I thought you were the one complaining about IE. Also, it works pretty damn fine for me. You seem to have quite a talent in twisting "open source" into everything, completely sidestepping the real issues.

I'm merely pointing that IE isn't integrated to system any more than any other library. You could say that the default C library is a lot more deeply integrated into the system, as it's even harder to remove.

[Calum]

I thought you were the one complaining about IE. Also, it works pretty damn fine for me. You seem to have quite a talent in twisting "open source" into everything, completely sidestepping the real issues.

you say nothing, while throwing in a couple of "quick stabs" of your own. please elaborate.

I'm merely pointing that IE isn't integrated to system any more than any other library. You could say that the default C library is a lot more deeply integrated into the system, as it's even harder to remove.

i know you said this, is this then another semantic discussion about what integrated means? i would rather avoid the whole thing, if that's what this is really about.

[muzzy]

Ah, we get to "what do words mean" thing now? Fine, how about telling me how having a system library perform things is less secure design than having every application implement things themselves? I thought this "integration" was what bugged you about IE? Are you also annoyed about "integration" of zlib into linux, and how it made unmeasurable amount of applications insecure when a hole was found? Are you perhaps annoyed about how opengl is "integrated" into systems, too? I suspect not. Why only IE?
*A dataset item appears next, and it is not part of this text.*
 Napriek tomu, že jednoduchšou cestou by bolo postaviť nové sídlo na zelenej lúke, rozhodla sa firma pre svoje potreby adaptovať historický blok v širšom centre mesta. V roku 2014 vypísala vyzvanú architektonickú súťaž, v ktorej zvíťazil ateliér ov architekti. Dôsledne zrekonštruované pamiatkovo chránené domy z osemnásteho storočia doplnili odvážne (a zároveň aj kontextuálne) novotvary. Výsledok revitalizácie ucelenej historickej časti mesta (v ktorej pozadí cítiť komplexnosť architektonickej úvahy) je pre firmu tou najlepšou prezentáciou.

Regarding my quick stab, I was referring to "why not rely on the open source model and give everybody the benefit of the "best" way to do something" and how it completely ignores the issue of libraries. Once applications is written against a library, it needs a rewrite to work against a new solution if a "better" one comes around. Also, availability of an implementation to link/work against doesn't require open source in any way. Any advantages that opensource have are also available to proprietary solutions, as long as you have right to link against them. Microsoft is providing apis which are good, and people are free to use them or free to use "open" alternatives. I recall this wasn't the first time you've purposedly narrowed your views to favor your point of view, while ignoring a broader view. I might be guilty of the same too in some posts though, not sure. It just annoyed me quite a bit here as we seem to be talking about completely different things which only touch each other slightly.

[Calum]

seemingly.

shame that is a cause for annoyance with you, considering  annoyance does nothing to further the discussion.
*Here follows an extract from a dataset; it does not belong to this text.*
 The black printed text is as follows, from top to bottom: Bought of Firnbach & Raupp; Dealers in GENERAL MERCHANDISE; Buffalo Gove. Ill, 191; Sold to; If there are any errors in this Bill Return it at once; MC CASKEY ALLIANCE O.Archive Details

i am not convinced that APIs can be considered to be as good as having full read access. sometimes they will be, but that's at the discression of the publisher of those APIs. and if the API is required to write good software, and the company publishing the APIs has an interest in outdoing their competition, then there's a motive for publishing incomplete specs right there.
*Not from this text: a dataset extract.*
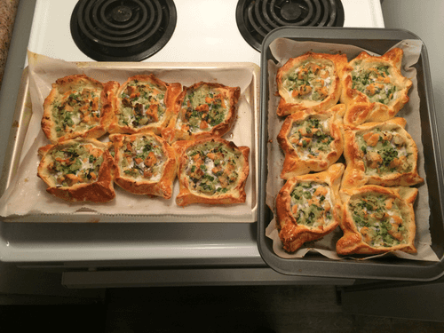 Скатайте из теста шарики размером с пинг-понговый мяч каждый. Раскатайте их в лепешки, в центр каждой выложите фарш. Защипните края пирога.

not saying this happens, just that the model is not very good when taken in the real world.

[muzzy]

Talking about different things and pretending they're about same subject doesn't further discussion either.

This whole thing started from jtpenrod's comment: "It takes a crowbar and a case of dynamite to pry Inter-nut Expl-Horror from Win-Doesn't". I was trying to argue that this isn't the case, and that any issues that result from removal of IE are not specific to IE but rather apply to all library type entities.

You're welcome to ditch IE, but third party apps might expect it's there. Microsoft doesn't want you to remove it because of these dependency issues, so you have to do some little work to get rid of it.